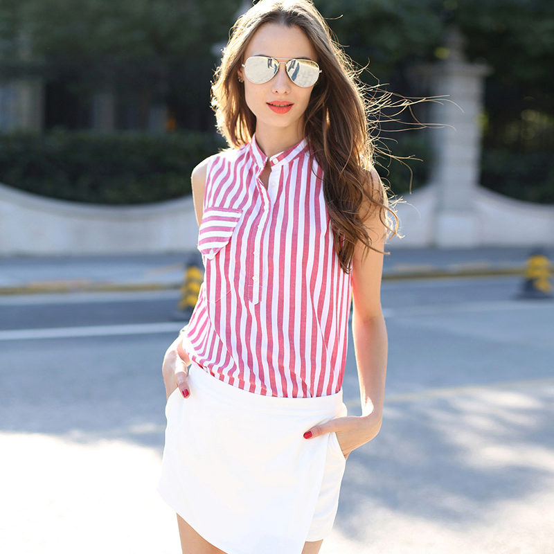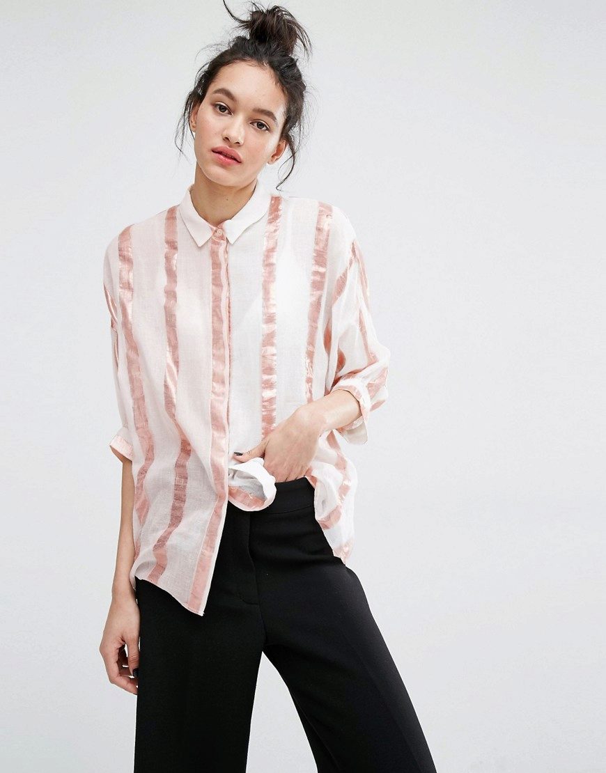 Pink striped shirt is suitable for sensual romantic images. It will go well with denim, fluffy skirts and cropped trousers.
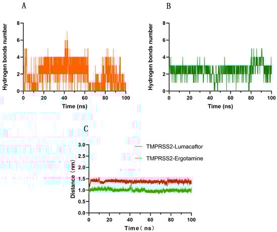 Number of hydrogen bonds between (A) lumacaftor or (B) ergotamine and TMPRSS2. Center-of-mass distance (C) between Ser441 residue of TMPRSS2 and ergotamine or lumacaftor.
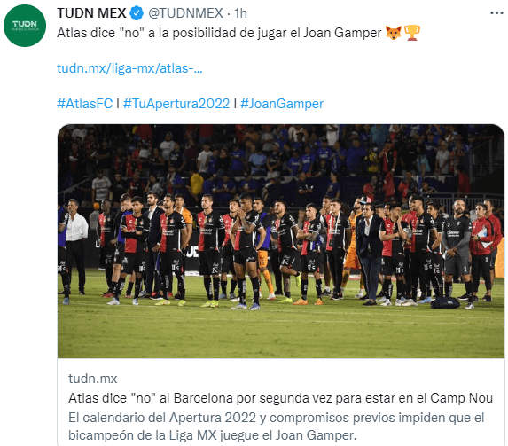 El Trofeo Joan Gamper está programado para el próximo 6 de agosto. Dos días antes (el 4/7), el Atlas debe disputar la Jornada 7 del Torneo Apertura 2022 ante Querétaro, mientras que el lunes 8 del mismo mes, seis jugadores titulares y el entrenador deberán reportar en Minnesota para el Juego de las Estrellas de la Liga MX vs. MLS.

| What is needed |
Copy out all the data exactly, skipping the pictures.

| Response area |
 Pink striped shirt is suitable for sensual romantic images. It will go well with denim, fluffy skirts and cropped trousers.
 Number of hydrogen bonds between (A) lumacaftor or (B) ergotamine and TMPRSS2. Center-of-mass distance (C) between Ser441 residue of TMPRSS2 and ergotamine or lumacaftor.
 El Trofeo Joan Gamper está programado para el próximo 6 de agosto. Dos días antes (el 4/7), el Atlas debe disputar la Jornada 7 del Torneo Apertura 2022 ante Querétaro, mientras que el lunes 8 del mismo mes, seis jugadores titulares y el entrenador deberán reportar en Minnesota para el Juego de las Estrellas de la Liga MX vs. MLS.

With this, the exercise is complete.